Memory usage for gate sim
Added by Guy Hutchison about 2 years ago
Hi,
I'm trying to use Verilator for a large gate simulation, and the memory consumption is too high for it to complete the compile step. I'm compiling on a machine with 8GB of memory and verilator rapidly uses up all memory on the machine and effectively brings it to a halt.
Is there a way to have Verilator break down its optimization so it only works on parts of the design at at time? I've tried output-split but it's not helping.
Thanks,
Guy
Replies (7)
RE: Memory usage for gate sim - Added by Wilson Snyder about 2 years ago
--output-split usually does it. There was one version of GCC (4.2.1) that seemed to have a bug where it would use infinite memory with -O2; the only solution was to use -O1 on a few files; you can try that.
RE: Memory usage for gate sim - Added by Guy Hutchison about 2 years ago
Hi,
Just reread my original post and I used the wrong terminology. It's not GCC that's running out of memory, it's the Verilator binary during the Verilog->C conversion process. It seems that some part of the optimization verilator does scales with design size, so if I feed it a very large number of instances, it can't complete the job.
Thanks,
Guy
RE: Memory usage for gate sim - Added by Wilson Snyder about 2 years ago
Yes, that's quite different. Verilator needs to flatten the whole design, so needs several times as much memory as the final simulation will. That said 8GB is larger than I've ever needed myself.
It may be that the design exposed a memory leak, causing it to run out of memory. Try using --debug --no-dump-tree while running "top" or "ps" in another window. See if the memory is all sucked up at once (likely bug) or dribbles (probably just need more memory). You can also crtl-c and "c" (continue) and "bt" backtrace in gdb to see where it is in the code while consuming memory.
RE: Memory usage for gate sim - Added by Guy Hutchison about 2 years ago
I reran with the above two options and memory usage seems to build slowly up to its maximum usage. There are several steps which cause large jumps in memory usage.
Initial memory usage grows rapidly during parsing to 2.8G Growth is slow through remaining steps until V3LinkDot:729, which jumps from 3.7G to 4.7G
Memory usage is stable through several more optimization steps until V3Inline.cpp:426 V3Tristate:696 increases from 4.7 to 4.9 V3Unknown:468 increases to 5.3 V3Inline:426 grows until it consumes all memory on the machine and it starts thrashing. At this point I need to kill the job because it has brought the machine to a near halt. Peak memory usage is 7.0G resident, 7.6G virtual.
BTW, the documentation mentions that Verilator moved away from straight translation of Verilog->SystemC a while ago. Is there a revisionary mode where it can go back to just doing basic translation?
Thanks,
Guy
RE: Memory usage for gate sim - Added by Wilson Snyder about 2 years ago
A 2.8GB parse is huge. Given the size of chip this must be, I suspect you have some larger servers somewhere :)

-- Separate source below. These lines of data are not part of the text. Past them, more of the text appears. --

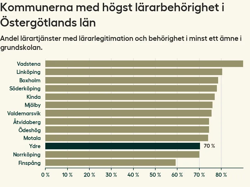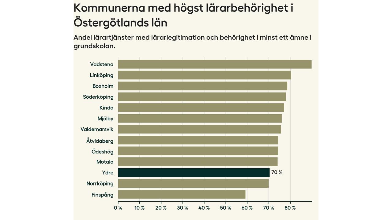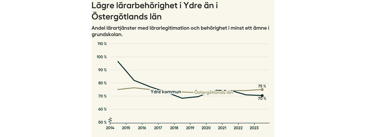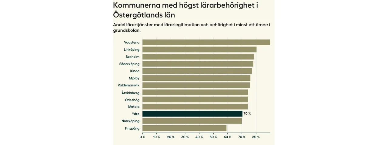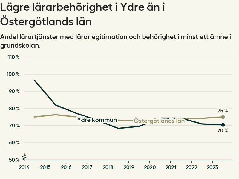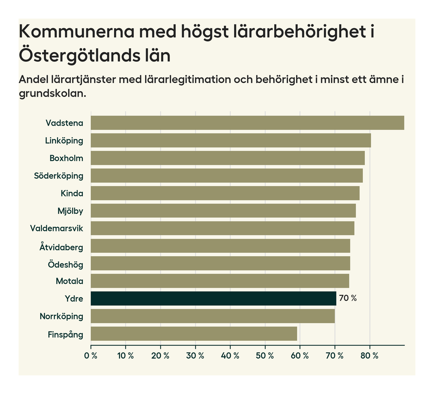 I oktober 2023 hade motsvarande 70 procent av lärarna1 i grundskolan i Ydre kommun lärarlegitimation och behörighet i minst ett ämne.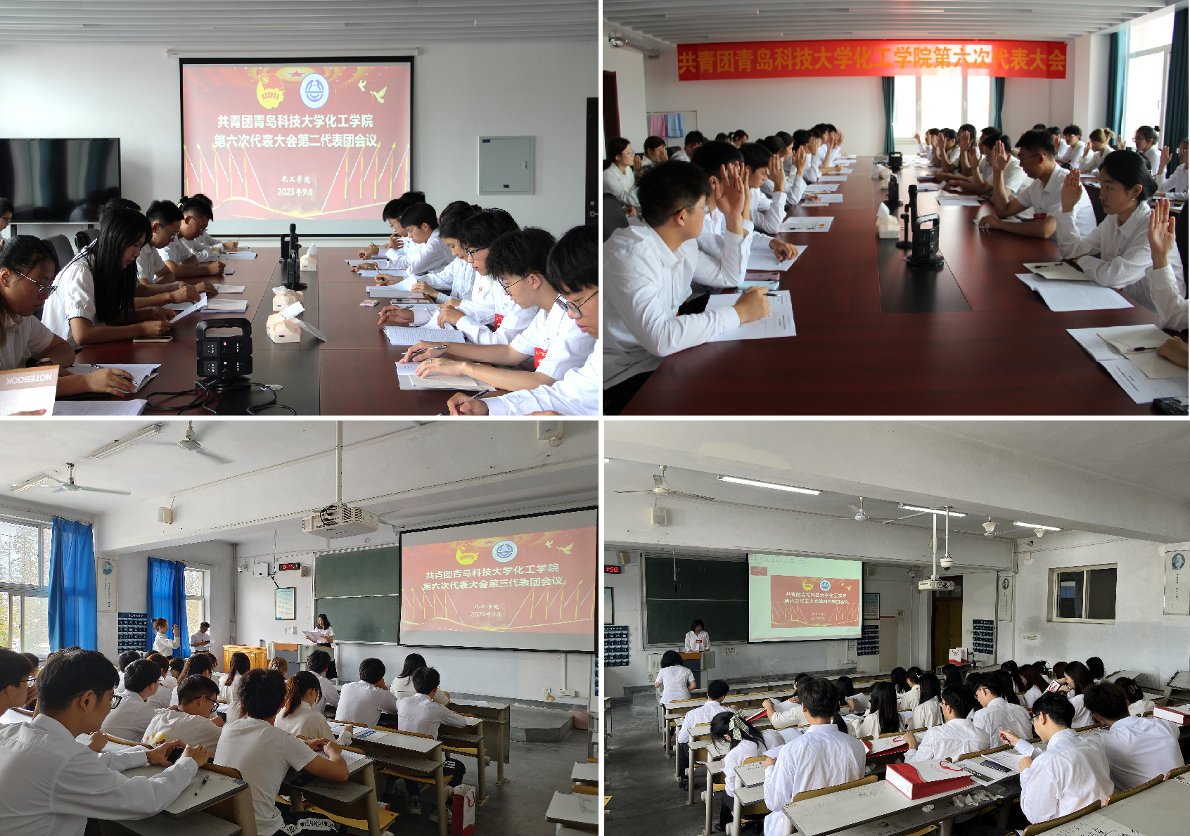 数据科学公司、材料公司、海洋公司、机电公司、高密校区、外语公司、材料公司、中德校区、化公司、数理公司、艺术公司、经管公司、中德科技公司、高分子公司、信息公司负责同志及团委老师参加大会开幕式。
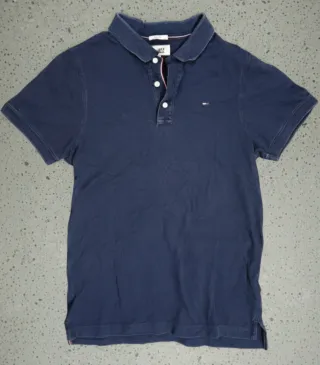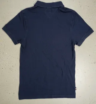 Polo de manga corta en color azul marino. Se ha usado poco. - Cuello tipo polo con detalles de rayas en contraste. - Logo bordado en el pecho. - Puños con detalles de rayas.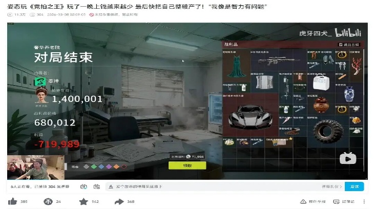 在国内社媒上,游戏的热度相比其体量也显得很夸张。B站上大量《竞拍之王》的直播切片,播放都突破了十万: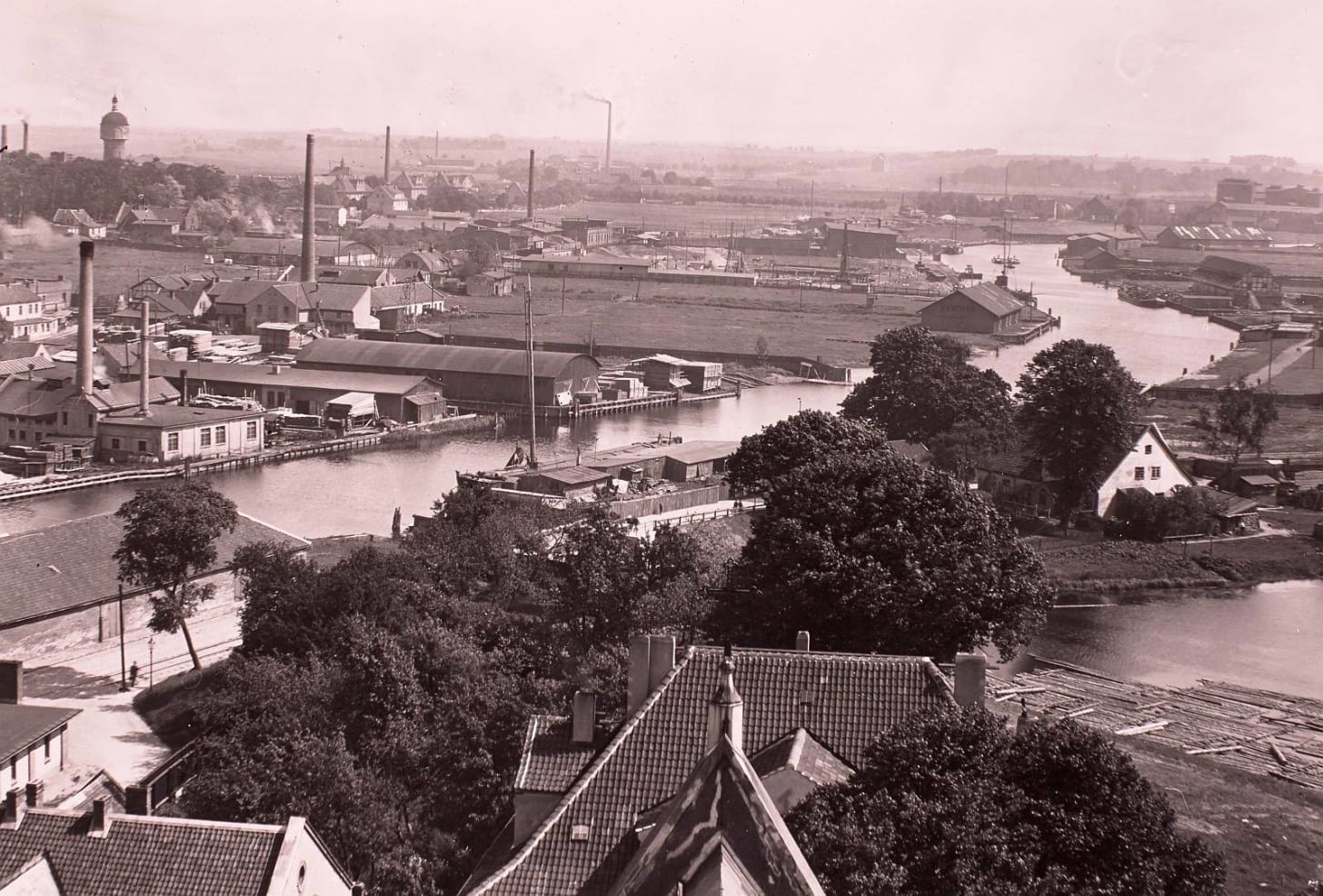XIX a. viduryje Dangės upės dešiniajame krante aukščiau Biržos tilto veikė Henrio Lobecko ir Behrendo Pieperio laivų statyklos. H. Lobeckas 1840 m. pastatė pirmąjį Klaipėdoje garlaivį „Friedrich Wilhelm IV“. Visgi produktyviausias Klaipėdos laivų statytojas buvo B. Pieperis, 1837–1873 m. bėgyje pastatęs 144 laivus – burlaivius (barkai, brigai, škunos) ir garlaivius. Apdirbtos miško medžiagos eksporto piko metu (grubiai 1800–1860 m. laikotarpis) buvo metų kai Klaipėdiečių pirklių ir jūrininkų laivynas sudarė virš 100 jūrinių burlaivių. Klaipėdos laivai su kroviniais pasiekdavo ne tik svarbiausių prekybos partnerių anglų uostus, bet ir tolimuosius Šiaurės ir Pietų Amerikos ar Australijos krantus. 1876 m. Klaipėdoje pastatytas paskutinis burlaivis, 1899 m. klaipėdiečiai beturėjo tik vienintelį jūrinį burinį laivą – barką „Express“. XX a. pradžioje burlaivius iš laivybos verslo galutinai išstūmė garlaiviai. Neprisitaikius prie garu varomų laivų metaliniais korpusais gamybos laivų statyklos dešiniajame Dangės krante palaipsniui sustabdė veiklą. XX a. pradžioje garlaivių, o vėliau ir motorlaivių statyba bei remonto paslaugos persikėlė prie Kuršių marių, greta Dangės upės Pietinio rago krantinės.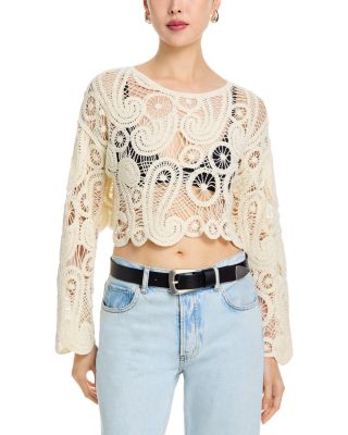Shop Aqua Long Sleeved Paisley Crochet Top - Exclusive in Los Angeles, CA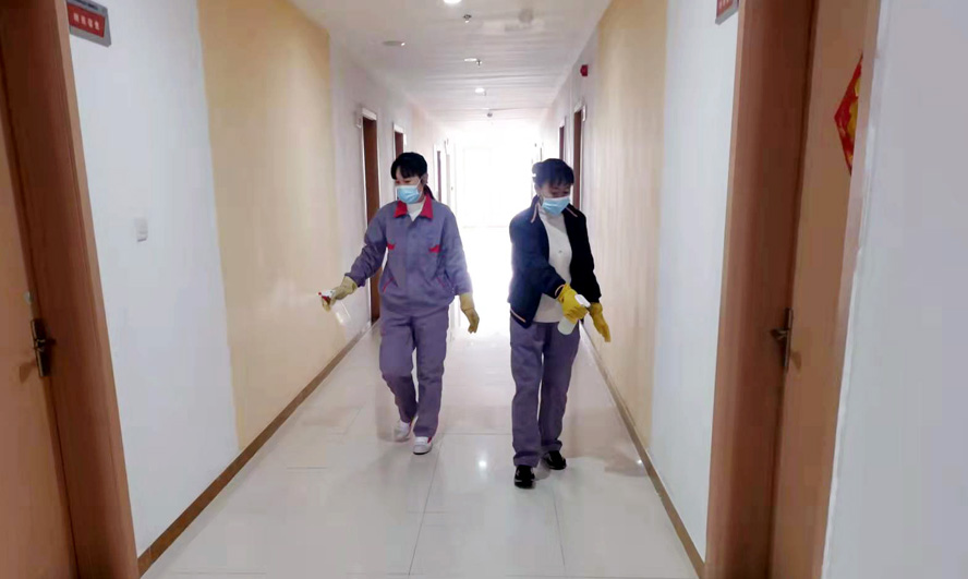 干凈整潔的辦公樓、宿舍樓里飄著淡淡的消毒水味道,清瘦干練的保潔員任禮勤正在仔細地打掃著樓道。5號疫情突發(fā)之時她正好當班,根據(jù)以往疫情經(jīng)驗,她果斷地把一直照料著的年邁母親安排給了大哥,此后便堅守在工作崗位上。疫情防控期間的工作量增加了不少,每天她和同事們分片作業(yè),在認真做好各自清潔區(qū)每日兩次的保潔、消毒工作的同時,還要負責就餐人員一日三餐的登記、測量體溫等工作。每天從早上7點開始,5位保潔員的身影便忙碌在公司的門廳、餐廳、樓道、電梯等場所,這一忙常常要到晚上6點多?!罢埬肯麦w溫”“今天你做核檢了嗎”,這些溫馨的話語幾乎成了她們對大家的問候語。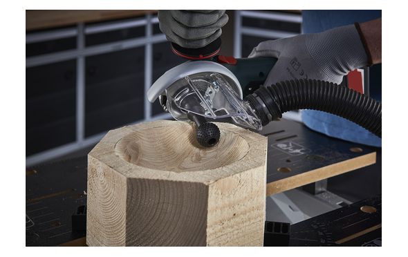 - Ξεχωρίζει εξαιτίας της επιθετικής αφαίρεσης υλικού και της γρήγορης προόδου των εργασιών. Χάρη στον εργονομικό σχεδιασμό για εργασία με τα χέρια ελεύθερα μπορείτε να διαμορφώσετε ελεγχόμενα, π.χ. ξύλινα γλυπτά.
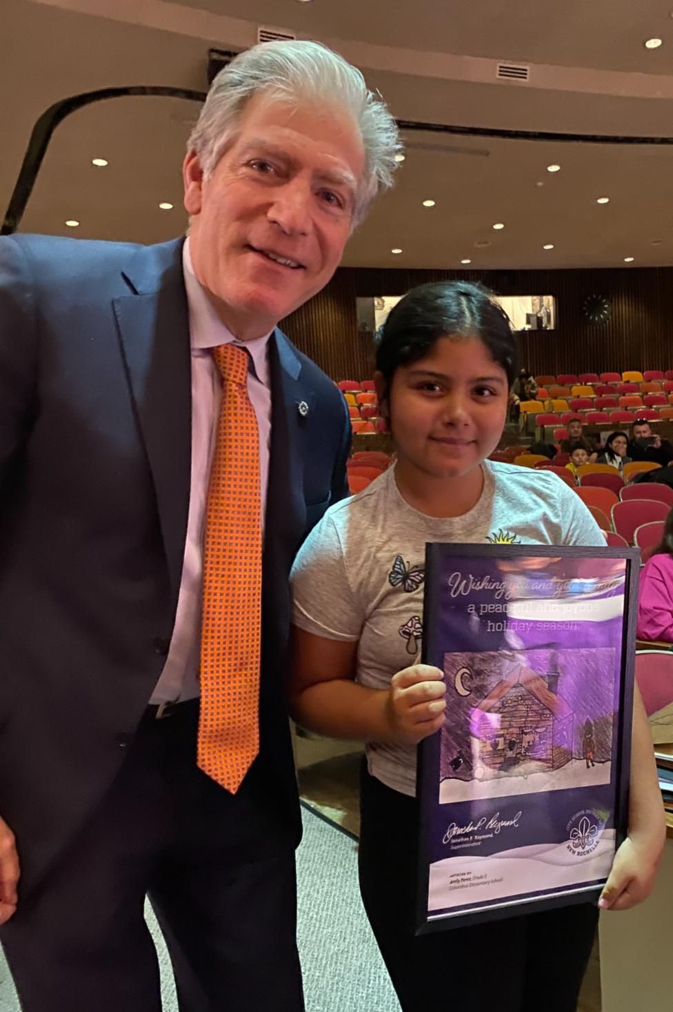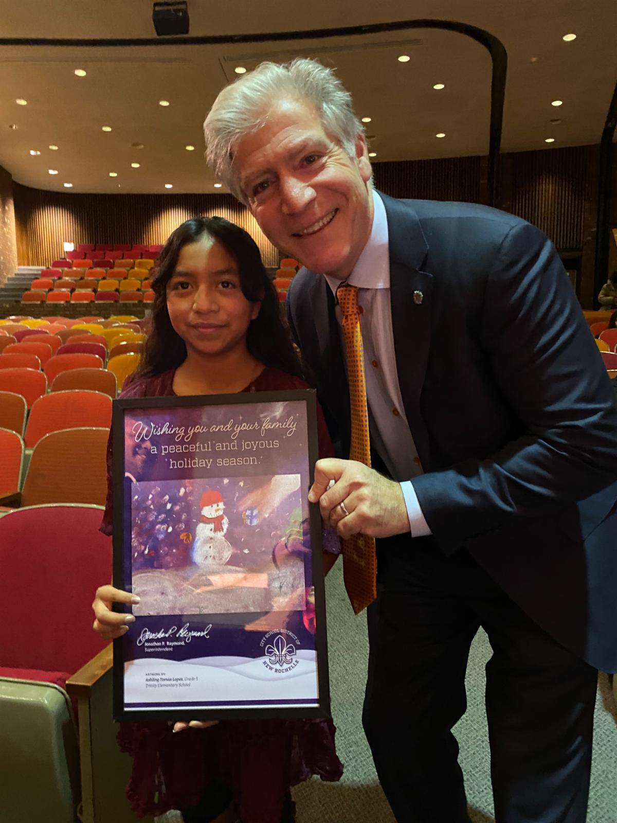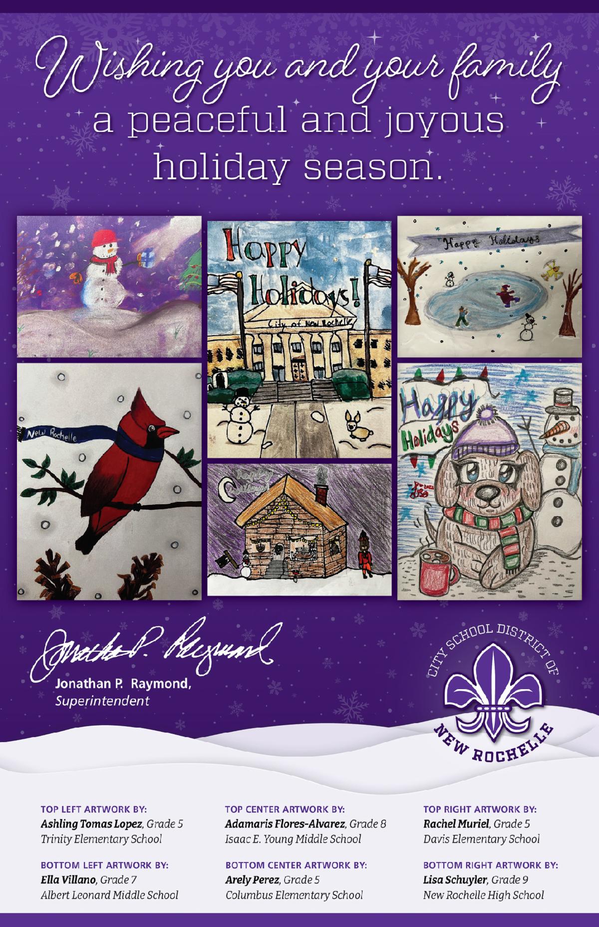 Entries were first considered by a panel of teachers who selected finalists before being sent to City Hall where Central Administration Office staff agonized over narrowing the winners to just six. The winning pieces of art have been compiled into a holiday greeting that will be sent to nearly 20,000 City School District of New Rochelle students, families, community members, and supporters.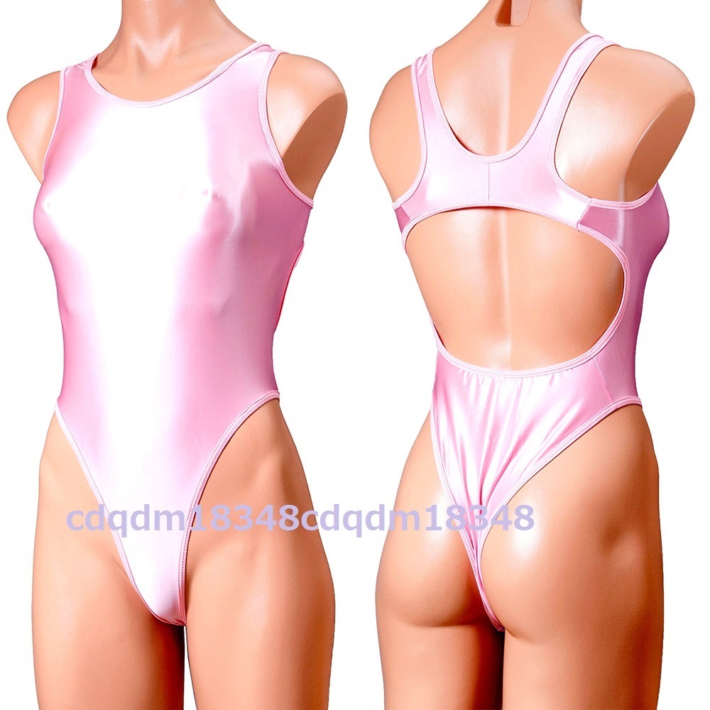 - 6321 PINKカラー シャイニー ストレッチ クロッチフック仕様 ハイフォークホルター ジャンプスーツ ボディスーツ

There isn't a straight translation any more, and it wouldn't be that much smaller anyhow as gate level models have so many instantiations. However you can use the -O{letter} options to disable some optimizations which may save memory.
Out of curiosity, why use Verilator for gate sims? Usually gate sims are on a signoff simulator where you also care about Xs and possibly back annotated timing.
RE: Memory usage for gate sim - Added by Guy Hutchison about 2 years ago
Actually, this isn't a particularly large chip. The block we are working on is about 6mm^2 in 65nm, which comes out to roughly 3-4M gates. Part of the problem is that we don't do signoff sims any more -- signoff is basic on static timing, and we don't necessarily have gate sim that is clean. We almost certainly have servers within the company that have more than 8G memory, but I would have to go find them. :)
In particular, this block has difficulty coming out of reset because of X-feedback, and we're trying to simulate an ECO change that only occurs after a fairly large amount of traffic. Since I would like the simulation to complete in my lifetime, doing a cycle-based 2-state simulation of this seemed like a good idea.
RE: Memory usage for gate sim - Added by Wilson Snyder about 2 years ago
I'm surprised it's that size, as larger designs have finished in 4GB, but maybe it's something to do with the cell library.
BTW if your problem is Xs, check your simulator manual; several have added randomize-X's flags recently. If you don't have that, I have a PLI script to get rid of them. Let me know and I'll dig it up; it'll take a dayish as I need to insure the code is releasable.